Why do you recommend protectors that the guide even warns as poor?
Meanwhile the IEEE defines the only thing that provides protection in
their Red Book (Standard 141) and in many other standards. No they
don't recommend plug-in protectors. IEEE recommends the only thing
that provides protection - earth ground:
:> In actual practice, lightning protection is achieve by the

process of interception of lightning produced surges,
diverting them to ground, and by altering their
associated wave shapes.

Yes one can supplement protection with grossly undersized and
massively more expensive plug-in protectors. And then the guide also
shows why plug-in protectors will fail to provide protection.

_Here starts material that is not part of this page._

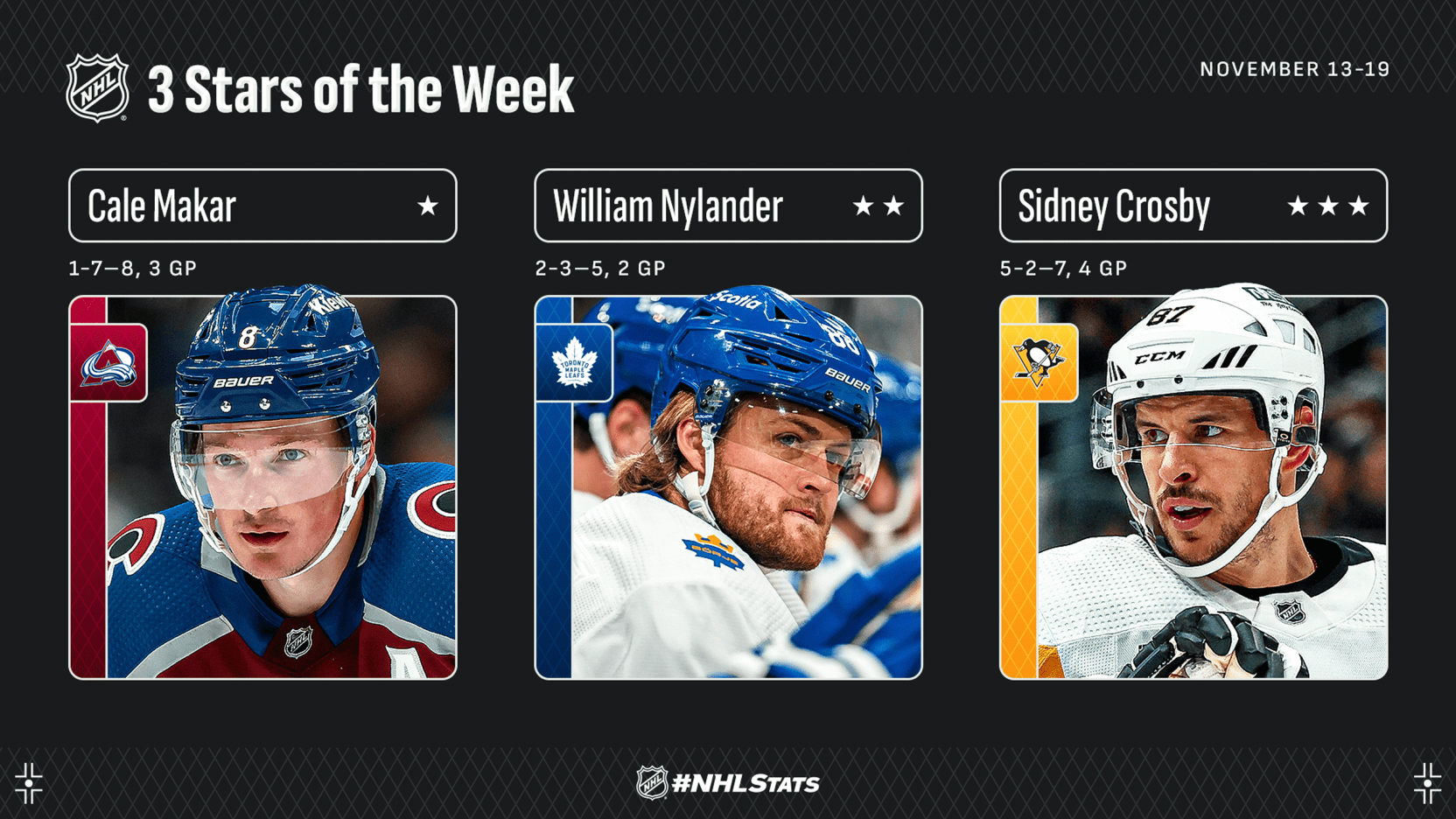 NEW YORK — Colorado Avalanche defenseman Cale Makar, Toronto Maple Leafs right wing William Nylander and Pittsburgh Penguins center Sidney Crosby have been named the NHL’s “Three Stars” for the week ending Nov. 19.

Meanwhile Page 42 Figure 8 of the other citation also shows what
telcos know. A protector too close to appliances and too far from
earth ground many even earth the surge 8000 volts destructively
through an adjacent TV. Therefore telcos that operate without damage
during every thunderstorm put the protector within feet of earth
ground AND up to 50 meters distant from electronics. Why 50 meters?
That separation also makes the earthed protector more effective. The
protector adjacent to an appliance may even earth that surge
destructively through that appliance. How curious. We engineers saw
this happen even 20 years ago.

We engineers also knew that protectors do not work by absorbing all
the surge energy - as ehsjr repeatedly claimed seven years ago.